▶ **GIVEN DATA**:
- Opening Delimiter -

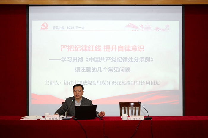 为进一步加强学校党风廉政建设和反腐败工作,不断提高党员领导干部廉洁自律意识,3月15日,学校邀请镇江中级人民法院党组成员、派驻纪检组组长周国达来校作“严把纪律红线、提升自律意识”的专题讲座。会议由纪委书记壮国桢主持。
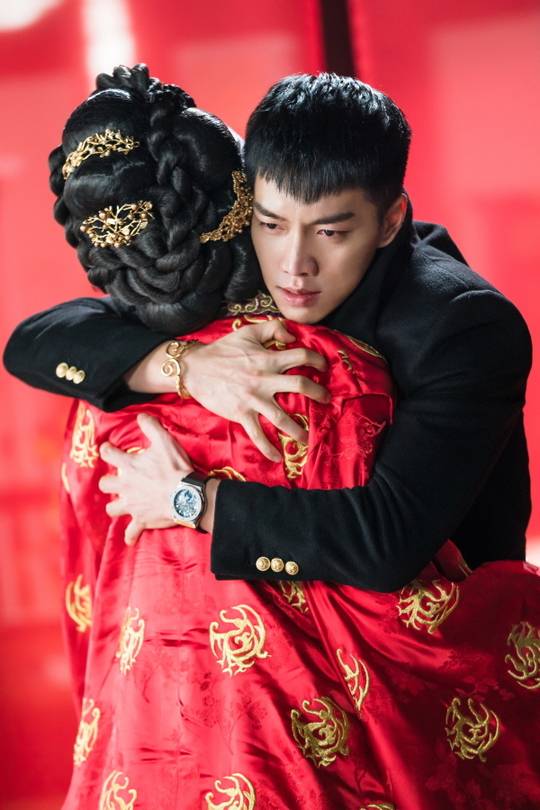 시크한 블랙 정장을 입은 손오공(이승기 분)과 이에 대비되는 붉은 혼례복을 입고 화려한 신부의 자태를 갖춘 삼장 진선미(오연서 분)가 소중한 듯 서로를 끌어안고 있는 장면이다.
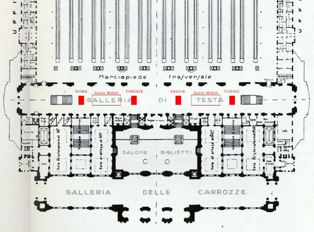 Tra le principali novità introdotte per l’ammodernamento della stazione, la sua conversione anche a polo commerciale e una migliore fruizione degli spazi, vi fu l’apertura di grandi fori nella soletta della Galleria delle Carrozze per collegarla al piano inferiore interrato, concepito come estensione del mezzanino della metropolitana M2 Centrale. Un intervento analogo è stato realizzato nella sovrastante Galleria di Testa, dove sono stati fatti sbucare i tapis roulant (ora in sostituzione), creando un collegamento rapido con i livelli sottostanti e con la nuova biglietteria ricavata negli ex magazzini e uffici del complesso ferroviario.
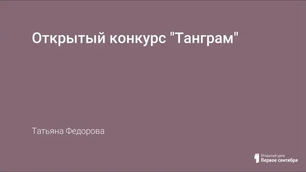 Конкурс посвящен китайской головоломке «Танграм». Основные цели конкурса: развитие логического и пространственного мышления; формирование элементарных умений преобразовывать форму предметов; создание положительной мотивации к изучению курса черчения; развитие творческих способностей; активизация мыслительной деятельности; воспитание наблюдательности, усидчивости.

- Closing Delimiter -

▶ **YOUR ASSIGNMENT**:
Restate only the lines running from the start of the material above through the line containing "시크한 블랙 정장을 입은", ends included. No pictures.

▶ **ANSWER BELOW**:
 为进一步加强学校党风廉政建设和反腐败工作,不断提高党员领导干部廉洁自律意识,3月15日,学校邀请镇江中级人民法院党组成员、派驻纪检组组长周国达来校作“严把纪律红线、提升自律意识”的专题讲座。会议由纪委书记壮国桢主持。
 시크한 블랙 정장을 입은 손오공(이승기 분)과 이에 대비되는 붉은 혼례복을 입고 화려한 신부의 자태를 갖춘 삼장 진선미(오연서 분)가 소중한 듯 서로를 끌어안고 있는 장면이다.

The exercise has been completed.